Back in the day when I was doing spinal taps, I spent far more time setting them up (positioning the patient so that the long axis of the spinal column was parallel to the floor and the vertical axis of the recumbent patient was perpendicular to the floor) than actually doing the tap.  Why? because then, all I had to do was have the needle parallel to the floor, with no guessing about how to angle it when the patient had rolled (usually forward into the less than firm mattress of the hospital bed).

So it is with finally seeing what the Riemann curvature tensor actually is, why it is the way it is, and why the notation describing it is such a mess.  Finally on p. 290 of Needham’s marvelous book “Visual Differential Geometry and Forms” the Riemann curvature tensor is revealed in all its glory.  Understanding it takes far less time than understanding the mathematical (and geometric) scaffolding required to describe it, a la spinal taps.

Over the years while studying relativity, I’ve seen it in one form or other (always algebraic) without understanding what the algebra was really describing.

Needham will get you there, but you have to understand a lot of other things first. Fortunately almost all of them are described visually, so you see what the algebra is trying to describe.  Along the way you will see what the Lie bracket of two vector fields is all about along with holonomy.  And you will really understand what curvature is.  And Needham will give you 3 ways to understand parallel transport (which underlies everything — thanks Ashutosh)

Needham starts off with Gauss’s definition of curvature of a surface — the angular excess of a triangle, divided by its area.

Here is why this definition is enough to show you why the surface of a sphere is curved.   Go to the equator.  Mark point one, then point two 1/4 of the way around the sphere.  Form longitudes (perpendiculars) there and extend them as great circles toward the North pole. You now have a triangle containing 3 right angles, (clearly an angular excess from Euclid who states that the sum the angles of a triangle is two right angles).  The reason, of course, is because the sphere is curved.

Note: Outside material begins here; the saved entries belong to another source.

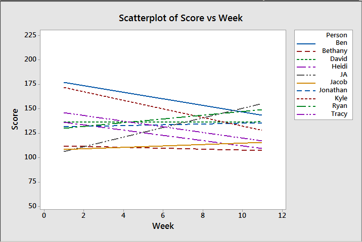 - Regression Lines/Line of Best Fit: Okay, so now that we have a good picture of the season, let’s see some trends! Because of course fantasy football, like all sports, cares a lot more about where you end than where you start. Players get injured, people have weak benches, people come back from suspensions, etc etc. By fitting a regression line we can see where everyone started and where they’re headed:
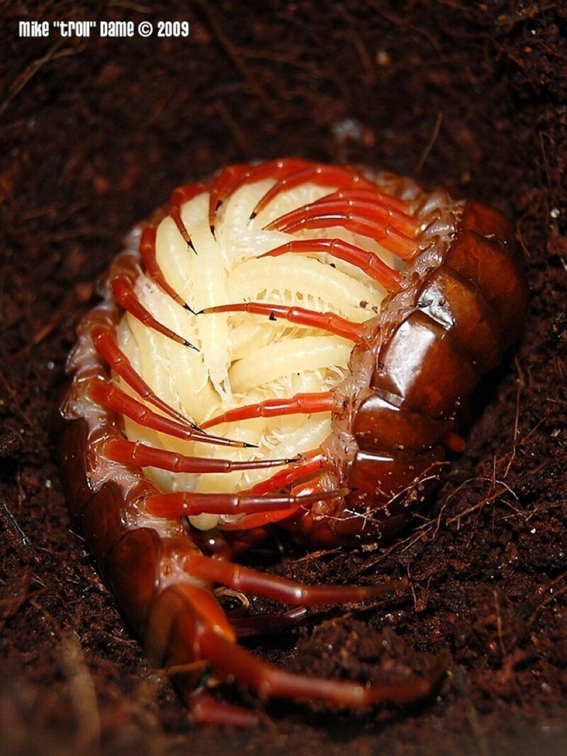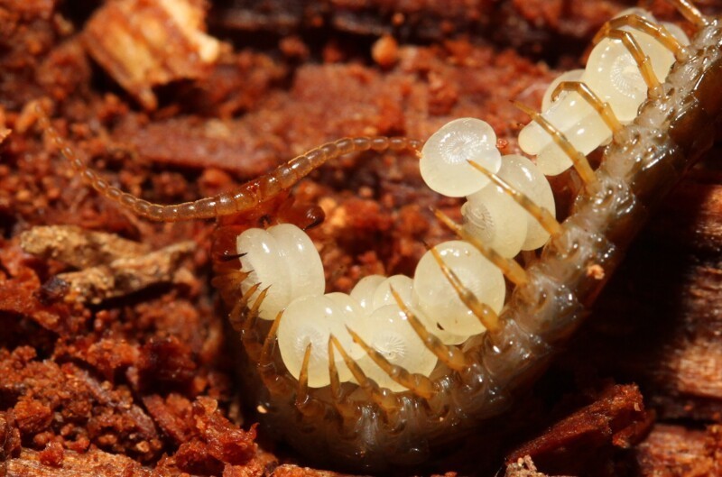 Кстати, с помощью множества лапок они могут переносить свои яйца с будущим потомством (на фото выше), что выглядит не менее жутко, чем сама многоножка. Они в основном обитают в районах с тёплым климатом, поэтому в Азии они постоянные гости домов.
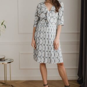 Wiosenna sukienka midi we wzory z lekkiego zwiewnego materiału, z kimonowym rękawem 3. Dekolt w serek, wiązana na biuście. Plisowany dół, zapinana z boku na kryty zamek.
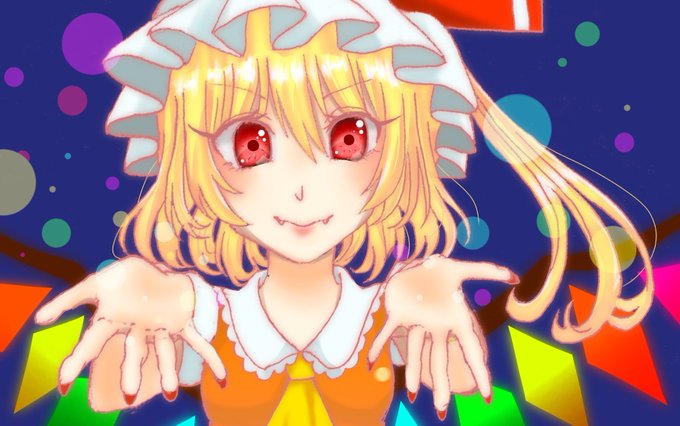 フランドール・スカーレットちゃんです。 友人へのプレゼント! 3年前のイラストを描き直しました(●︎´▽︎`●︎) #東方Project #絵描きさんと繋がりたい
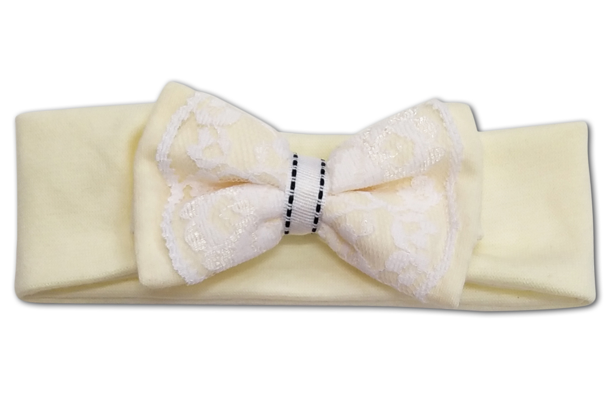 - Kojenecká čelenka s mašličkou krajka smetanová
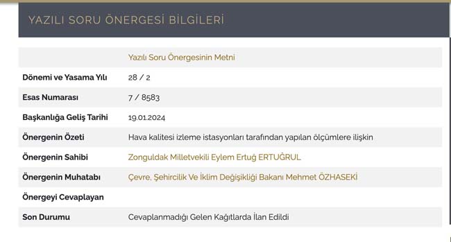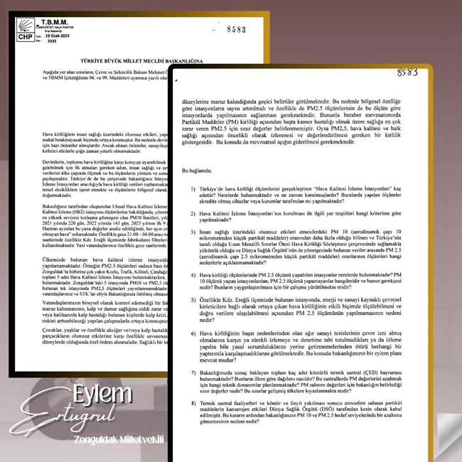 “Türkiye’de vatandaşlarımız bir yıl boyunca her şehirde günün bazı saatlerinde anne karnındaki bebeğin beyin gelişimini bile olumsuz etkilediği bilinen değer üzerinde kirli havaya maruz kalıyor. Çevre ve Şehircilik Bakanlığı Ulusal Hava Kalite İzleme Ağı’nın gün ve saat bazında kontrol ettiği ve paylaştığı hava kalitesini gösteren değerler, Türkiye’de yaşayan insanların 24 saat boyunca zehir soluduğunu ortaya çıkarıyor. Zonguldak’ta hava kirlilik değerleri günlerdir kritik düzeyde seyrediyor. Çevre ve Şehircilik Bakanlığı Ulusal Hava Kalitesi İzleme Ağı verilerine göre “kötü” olarak nitelenen hava kalitesi, uluslararası izleme ağların verilerinde “sağlıksız” olarak niteleniyor. Hava kalitesinin “kötü” olarak nitelendiği şartlarda, herkes için sağlık sorunlarının ortaya çıkması beklendiği gibi, hassas gruplar için çok ciddi sağlık sorunlarının ortaya çıkması olası sonuçlar arasında sayılıyor. Geçtiğimiz Ocak ayında, Zonguldak’ta özellikle Ereğli ilçesinde bulunan fabrikalar sebebiyle oluşan hava kirliliğinin bölge halkı için taşıdığı riskleri ve bölgede bulunan hava kalitesi izleme istasyonlarının etkinliğini Çevre ve Şehircilik Bakanı Mehmet Özhaseki’ye yanıtlaması istemiyle sorduk.
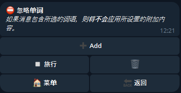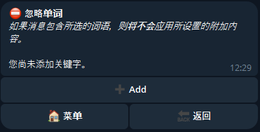 如果频道中发送的消息包含其中一个或多个词语,则不会应用该集合的附加内容。
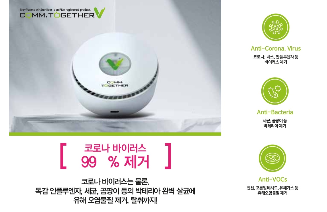FDA등록, 코로나바이러스 99% 제거
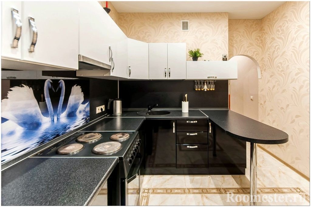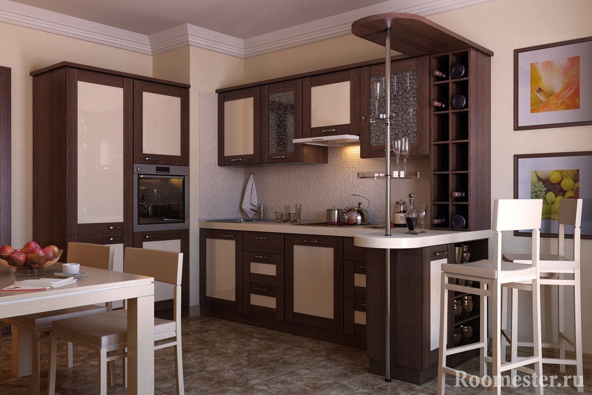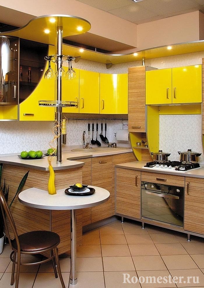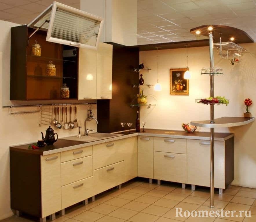 Si el área de la cocina es muy limitada, entonces es extremadamente difícil organizar una barra de bar completa en tales condiciones. ¡No importa! Una mini opción encajará perfectamente en el diseño de dicha cocina.
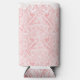 ein abstraktes, rosa und weißes Design auf weißem Selters Dosenkühler

Ever since I met a classmate 12 years ago at a college reunion who was a relativist working with Hawking, I decided to try to learn relativity so I’d have something intelligent to say to him if we ever met again (COVID19 stopped all that although we’re still both alive).

Now that I understand what the math of relativity is trying to describe, I may be able to understand general relativity.

Be prepared for a lot of work, but do start with Needham’s book.  Here are some links to other things I’ve written about it.  It will take some getting used to as it is very different from any math book you’ve ever read (except Needham’s other book).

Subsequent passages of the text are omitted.